Regardless of whether you have a free SSL certificate or not: trust is what counts
From a technical point of view, there is therefore no fundamental difference between paid and free SSL certificates. What differs massively, however, is the certification authority. Opinions differ when it comes to the trust that can be placed in the CA.
Behind traditional certification bodies is a company that is more or less economically successful. The most important asset of this company is the trust of customers and the public in its certification services.
In contrast, Let's Encrypt and its parent organization, the Internet Security Research Group, is not profit-oriented, but pursues a non-profit mission. However, Let's Encrypt is backed by industry giants such as Chrome, Facebook, Mozilla and Linux.
The question of trust in the certification body is therefore to some extent a matter of judgment: do I trust the company that is marketing to maximize the trust placed in it, or the non-profit certification body that relies on the reputation of the industry leaders that support it?
Conclusion: There are hardly any technical differences - but there are organizational ones
Regardless of whether it comes from Comodo, Thawte and Co. or Let's Encrypt: SSL encryption brings your site many advantages and makes it more competitive overall. On a technical level, the certificate types hardly differ: HTTPS is HTTPS. The strength of the encryption, on the other hand, has to do primarily with the web server configuration.

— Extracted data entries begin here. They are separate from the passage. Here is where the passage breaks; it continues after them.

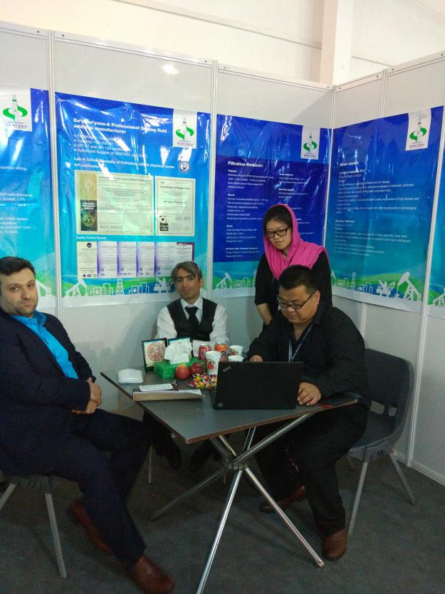 本次展會為我公司第一次參加伊朗石油展會,主要展示產(chǎn)品為我公司自主研發(fā)的主打產(chǎn)品七大體系19種種產(chǎn)品,如鉆井液用降濾失劑磺酸鹽共聚物DSP系列,低粘共聚物降濾失劑,抗高溫淀粉系列,腈硅聚合物;防塌劑系列如磺化瀝青,頁巖抑制劑鋁基聚合物;高密度鉆井液用極壓潤滑劑等等。
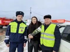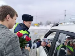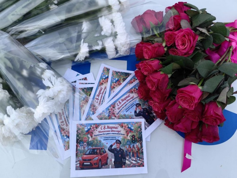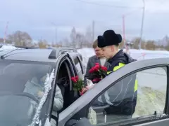 Вместо проверки документов - букет цветов и добрые слова. Инспекторы дорожно-патрульной службы останавливали автомобили, за рулем которых находились женщины, дарили цветы и поздравительные открытки.
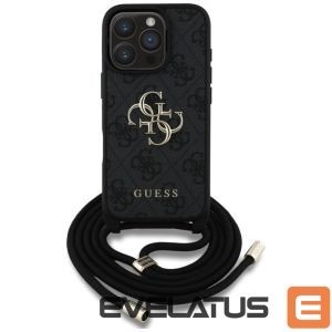 Citas preces Guess Guess 4G Big Logo Cord Stap Crossbody Case for iPhone 16 Pro Max black
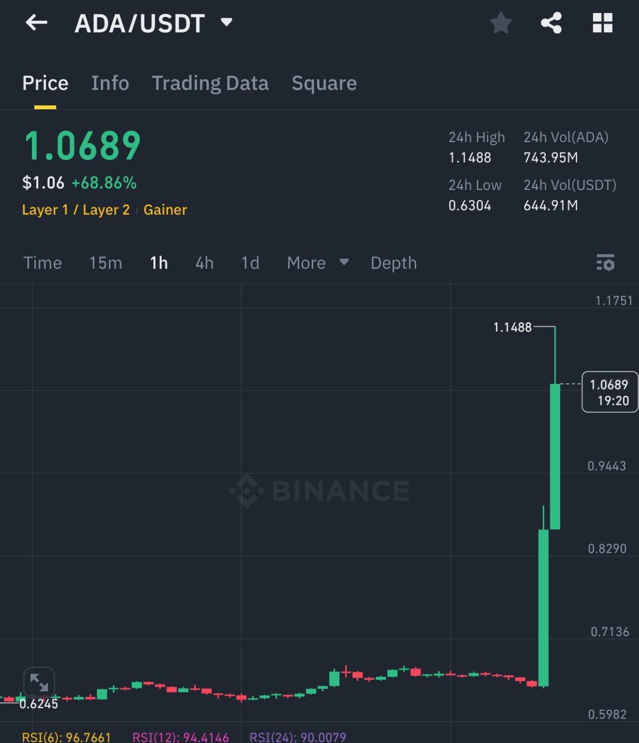 시총이 가벼운 에이다는 트윗 한방에 무려 70%나 폭등함
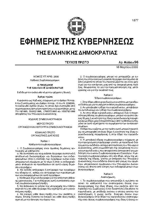 6. ΦΕΚ 96/A, 2000 http://www.et.gr/ Νόμος
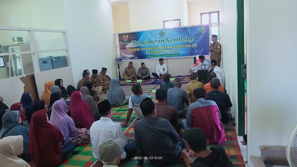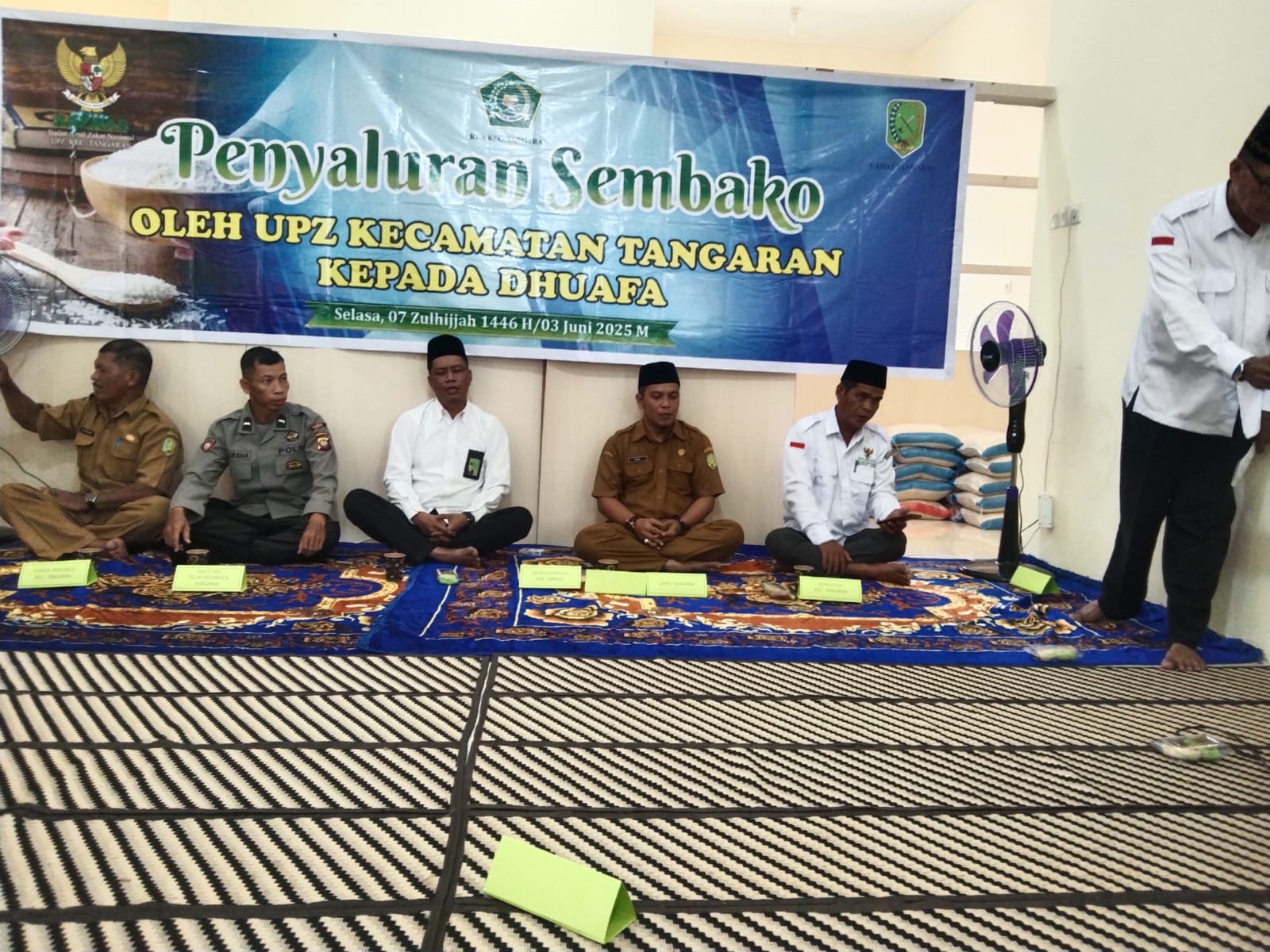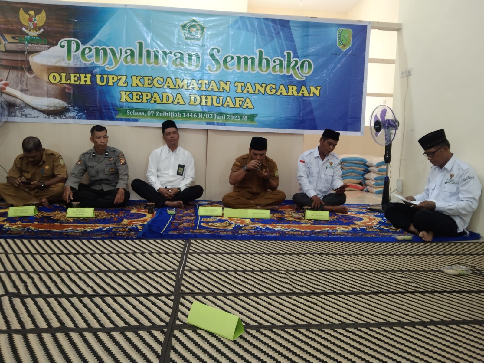 Badan Amil Zakat Nasional Kabupaten Sambas Pengurus menggelar penyerahan paket kebutuhan pokok untuk 50 dhuafa se-Kecamatan Tangaran, Selasa (3/6). Penyerahan tersebut bekerjasama dengan Unit Pengumpul Zakat Kecamatan Tangaran. Penyerahan secara simbolis diserahkan Sekretaris Camat Endi Kurniawan SE bersama Rombongan Baznas Kabupaten Sambas, Pengurus UPZ Kec Tangaran disaksikan Perwakilan Kantor Kementerian Agama Kab Sambas, Kantor Urusan Agama Kec Tangaran dan Para Kepala Desa se-Kec Tangaran.

If you have a free SSL certificate, you don't have to worry about disadvantages compared to paid certificates. This is because the most important security-relevant starting point for domain-validated certificates is the certification authority, not the certificate itself. Which certification authority you trust is again a matter of judgment. Both the open source initiative, which is promoted by industry giants, and the profit-oriented company, whose most important corporate value is the trust of its customers, have an interest in being seen as trustworthy as possible.
We, the Raidboxes team, have decided to trust the Let's Encrypt project. This is because it enables us to pass on the many advantages of SSL directly - and above all free of charge - to our customers.